Судьба - Петр Проскурин
Шрифт:
Интервал:
Закладка:
Бабы, слушавшие длинное рассуждение старика, неизвестно почему рассмеялись, и дед Макар сердито отвернулся от них, пошел глядеть, как обмазывают стены и ладят завалинку. Вокруг стучали топоры, сверкали лопаты, раздавался веселый смех и соленые мужицкие шутки, работа шла весело, споро и ровно. Дед Макар толкнулся туда-сюда; на куче щепы сидели сыновья Захара — Егор и Николай, они стаскивали щепу отовсюду в одну кучу и теперь сели отдохнуть, потому что работа вокруг полностью захватила их и они во всем старались походить на взрослых; увидев подходившего деда Макара, они заулыбались разом, дети любили старика, всегда говорившего с ними всерьез и не отличавшего их от взрослых.
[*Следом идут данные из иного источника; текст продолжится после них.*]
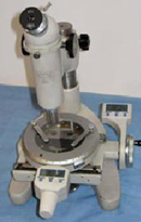 產品詳細介紹一、 用途: 15JE數顯型測量顯微鏡是光學計量儀器之一種,其測量工作臺可沿X、Y向移動,并繞垂軸旋轉,X、Y向的移動的距離可從數顯讀數裝置上讀取,旋轉角度通過度盤和游標讀取,儀器結構簡單,操作方便,適用范圍極廣,主要用途如下: 1、 直角座標中測定長度,例如測定孔距、基面距離、刻線寬度、鍵槽寬度、狹縫寬度、通孔外圓直徑等。 2、 轉動度盤測定角度,例如對刻度盤、樣板、量規、鉆孔模板及幾何形狀復雜的零件進行角度測量。 3、 用著觀察顯微鏡,以比較法檢查工作表面光潔度,鑒定冶金工業的礦石標本、檢定印刷照相制版,檢查紡織纖維等等。 二、 規格: 物 鏡 目 鏡(毫米) 顯微鏡 放大 倍數 工作 距離 (毫米) 視場 直徑 (毫米) 放大倍數/ 數值孔徑 焦距(毫米) 放大倍數 焦 距 (毫米) 2.5X/0.08 43.40 10X 25.00 25X 58.84 5.6 10X/0.25 17.13 100X 7.81 1.4 測量工作臺讀數裝置主要規格 1. 測量范圍 6、 分劃板 (1) 工作臺測量范圍X向 50毫米 Y向 13毫米 (2) 圓工作臺角度測量范圍 0°-360° 1、目鏡 2. 分度值 (1) 工作臺數顯讀數裝置分度值 0.001毫米 (2) 圓工作臺分度值 1° 2、棱鏡 (3) 圓工作臺游標分度值 6’ 3. 儀器測量準確度 ±(5+L/15)微米 4. 測量地點溫度變化(20±3)℃ 三、儀器主要尺寸: 1. 測量工作臺玻璃臺面與物鏡間的最大距離 80毫米 3、物鏡 2. 測量工作臺直徑 120毫米 3. 儀器外形尺寸(長x 寬 x 高) 284x263.5x332毫米 四、儀器重量:11千克 4、工作臺 顯微鏡的目鏡管同棱鏡成為一體繞垂軸旋轉, 顯微鏡可由調焦手輪進行上下調焦。 5、照明器

— Ну, здравствуйте, — сказал он, останавливаясь. — Чего это вы сидите?
— Отдыхаем, дедушка Макар, — тотчас отозвался Егор и за себя и за брата. — Видишь, какую кучу наволокли, работаем.
— Куча большая, — согласился дед Макар, остановив глаза на ворохе щепы. — Рады небось в новой избе пожить? Просторно будет, и дух переменится.
— Рады, рады! — опять сказал Егор. — Батя говорил, кровати нам сделает. Ваньке и Аленке отдельно, а нам с Колькой, пока подрастем, одну вместях.
— Ладно, сидите, — согласился дед Макар, — а мне еще надо сходить поглядеть. Потом вы еще щепок потаскайте, много кругом валяется, затопчут добро, ни к чему.
Солнце вышло в полнеба, к селитьбе Дерюгиных пришли и старухи, собрались на противоположной стороне улицы, расселись на старой длинной колоде в ряд и смотрели, как идет работа, попутно покрикивая на шнырявших мимо ребятишек и подробно обсуждая, кто лучше ведет крышу, Бобок или Володька Рыжий; потом одна из них, маленькая и набожная Салтычиха, поджала тонкие губы, указала на Акима Поливанова, подтесывавшего в это время паз оконного косяка.
— Старается-то Акимушка, как свое. То-то хорошо, большая родня кругом, как у татарина. Говорят, по семь баб у одного, а вся родня в помощь идет.
— Кума, кума, — тут же повернулась к ней ее подруга, высокая и сухая Чертычиха. — Без греха на свете не бывает, Захар-то мужик видный, не всякая девка устоит. Вишь, бес, как лебедь, не осуди, глаголет слово богово, не осужден будешь. Нам с тобой о божеском думать поболе надо, скоро в землицу.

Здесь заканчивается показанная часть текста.